So one of the more interesting things to be announced since your sitemaster arrived at the annual meeting of the American Urological Association (AUA) in San Francisco yesterday was this one:
Dendreon sent out a media release on Friday announcing that the company plans to initiate a clinical trial of sipuleucel-T (Provenge) in some 450 men on active surveillance (AS). The so-called ProVent clinical trial will assess the efficacy of sipuleucel-T immunotherapy in reducing histopathologic disease progression in men on AS.
The ProVent trial will be a randomized, double-blind, placebo-controlled, multi-center study and will be conducted at about 50 sites across the United States. Study participants will be randomized 2:1 to receive Provenge or placebo; in other words about 300 men will be randomized to treatment with Provenge and the other 150 will be randomized to treatment with a placebo.
The primary endpoint of the trial is a histological upgrade from ISUP Grade Group 1 to Grade Group 2 or higher, or from ISUP Grade Group 2 to Grade Group 3 or higher. Secondary endpoints include the number of study participants with subsequent prostate cancer treatment (e.g., surgery, radiation, hormone therapy), the percentage of participants with a negative biopsy, and safety.
As yet there is no information about this trial on the ClinicalTrials.gov web site and so we have no information about where patients will be able to enroll in this trial if they are interested. We also have very little information about the risk for side effects associated with such treatment in what are likely to be otherwise fairly healthy patients. So patients thinking about enrolling in a trials like this must be made aware that the risks associated with treatment may outweigh the possible benefits of treatment. On the other hand, one has to acknowledge and recognize the willingness of the “renewed” Dendreon to consider implementing such a trial.
It also needs to be appreciated that the meaningfulness of data based on the proposed primary endpoint is likely to be open to some question. Would maintenance of patients at an ISUP Grade Group of 1 or 2 over time as a consequence of sipuleucel-T treatment actually “translate” into a major delay in time to invasive treatment in men who need treatment over time? This may turn out to be a hard question to answer.
As soon as we are aware of the availability of information about where patients can enrol this trial, we will be sure to let you know.
Filed under: Diagnosis, Drugs in development, Living with Prostate Cancer, Management, Risk, Treatment | Tagged: active, Dendreon, Provenge, sipuleucel-T, surveillance, trial |
THE "NEW" PROSTATE CANCER INFOLINK 
Cost Practicality?
I was on the Provenge bandwagon early, attending and giving a public session statement at the key FDA advisory committee hearing at which the committee actually recommended approval, only to be overridden by the FDA, which wanted completion of an ongoing trial to look at more data. I also participated in a rally for Provenge on Capitol Hill. I was later disappointed by the extremely high cost, though I understand the business realities that made that cost — $94,000 for the 3 course treatment as I recall — reasonable. As we know, Dendreon still had to file for bankruptcy, and I’m sure most or all of us are glad they are still in the arena and doing their best.

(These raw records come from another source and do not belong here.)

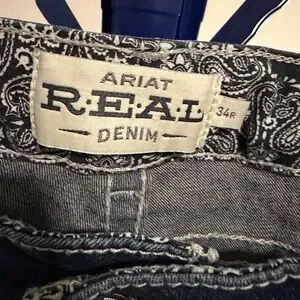 Denim jeans with paisley trim. Features Ariat branding. Ideal for everyday style.
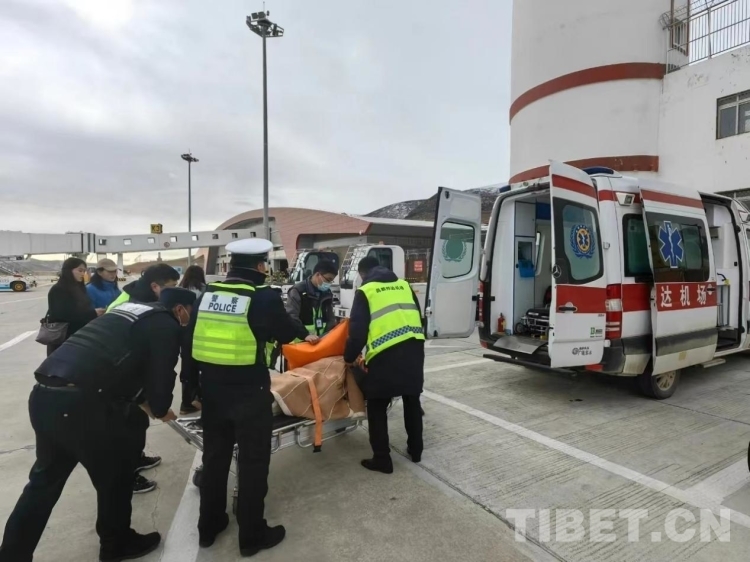 圖為隨車的邦達(dá)機(jī)場(chǎng)工作人員與昌都市人民醫(yī)院醫(yī)護(hù)人員完成交接
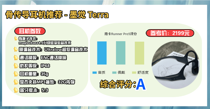 墨觉作为近年来崛起的骨传导耳机品牌,在运动耳机细分领域持续投入研发,重点打磨低频表现与佩戴稳定性。Terra 定位于高强度运动场景的耳挂式骨传导耳机,强调稳固结构与高等级防护,更适合偏好强节奏、重律动听感的运动场合。
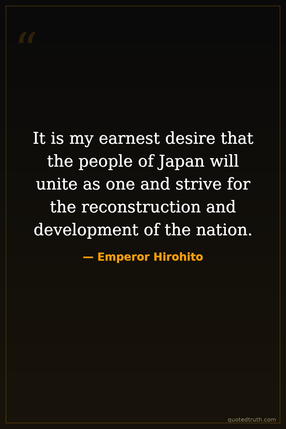 It is my earnest desire that the people of Japan will unite as one and strive for the reconstruction and development of the nation.
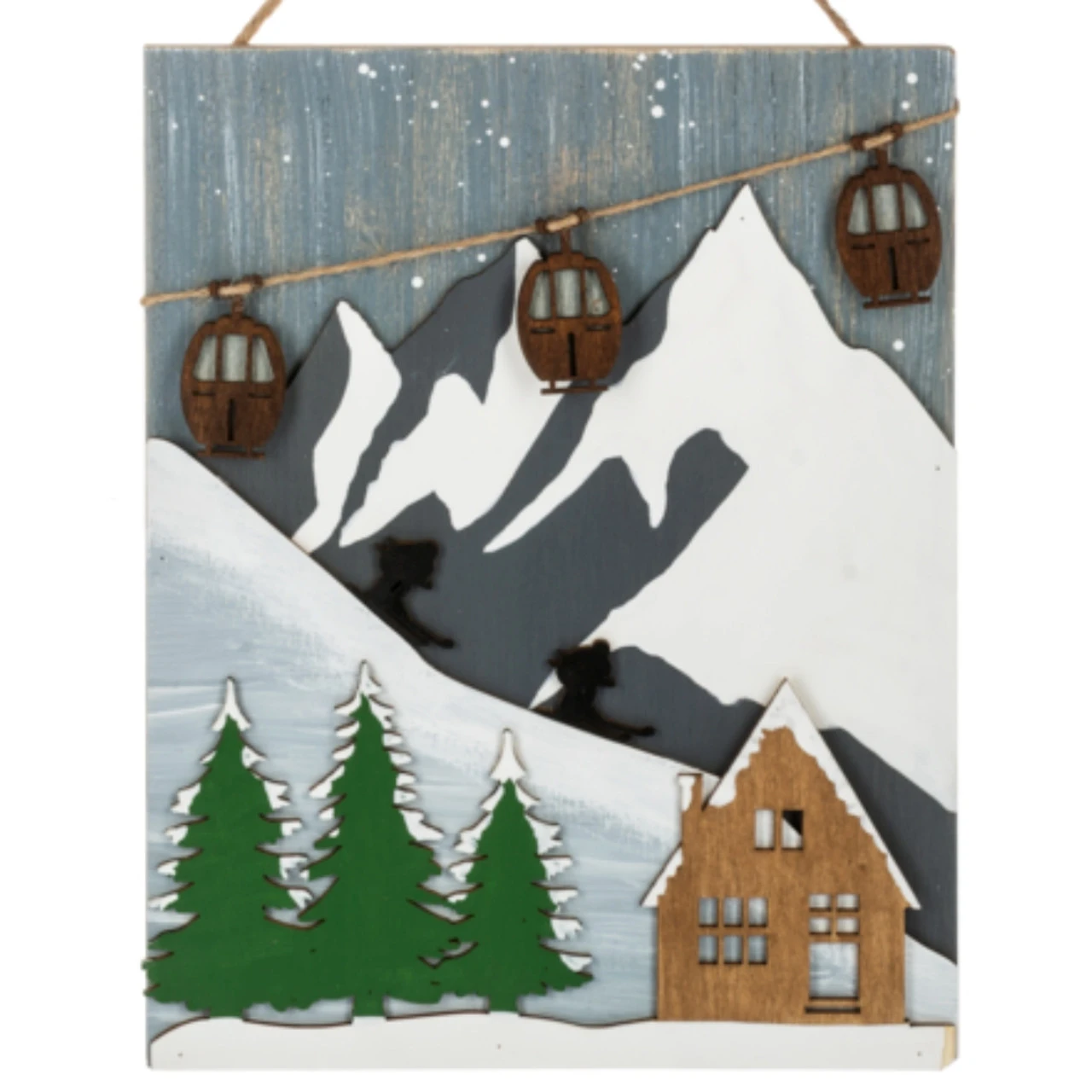Introducing our stunning 12-inch Ski Lodge Lasercut Layered Wall Plaques! These exquisite plaques showcase a charming winter lodge with scenic ski slopes in the background. Hang them effortlessly from the sturdy brown string provided to elevate your space with rustic mountain charm. Crafted with precision and intricate details, these layered plaques are true works of art. The 12-inch size makes them perfect for making a statement on any wall or as a focal point in your ski lodge decor. Made with high-quality materials, these plaques are designed to last for seasons to come. Bring the beauty of the slopes indoors with our Ski Lodge Lasercut Layered Wall Plaques. Order yours today and transform your home into a cozy winter retreat!

I am having trouble visualizing how Provenge would be cost effective for active surveillance patients even if it were to be proven effective, and for society, especially insurance companies and Medicare. As of now, with selection of active surveillance (AS) candidates constantly improving from an already impressive level, more than 50% of AS patients never needed treatment. Use of Provenge would seem overkill for them, though of course we don’t know in advance the patients who are highly unlikely to ever need treatment (though we are ever getting a better grip on this).
It would be beneficial, of course, if far fewer AS patients in the Provenge arm were determined to need treatment. On the other hand, with the cancer-control/cure rate very high and the side-effect burden relatively low for treatment of intermediate-risk patients, and with the cost of treatment vastly lower than for Provenge, how many empowered AS patients would be willing to fork over tens of thousands of dollars out of pocket at the start of AS even if Provenge is proven highly effective? Moreover, focal therapy is also a competitor for this pool of patients, but at a far lower cost (and, at present, somewhat murky effectiveness, which may be a lot clearer before the ProVent results are in). I’m also wondering about that patent clock, from which at least 5 more years will tick away before we have results.
So I’m not sure of the business case here. Still, the scientist in me is looking forward to results, and I’m glad there are investors willing to foot the bill despite the risks.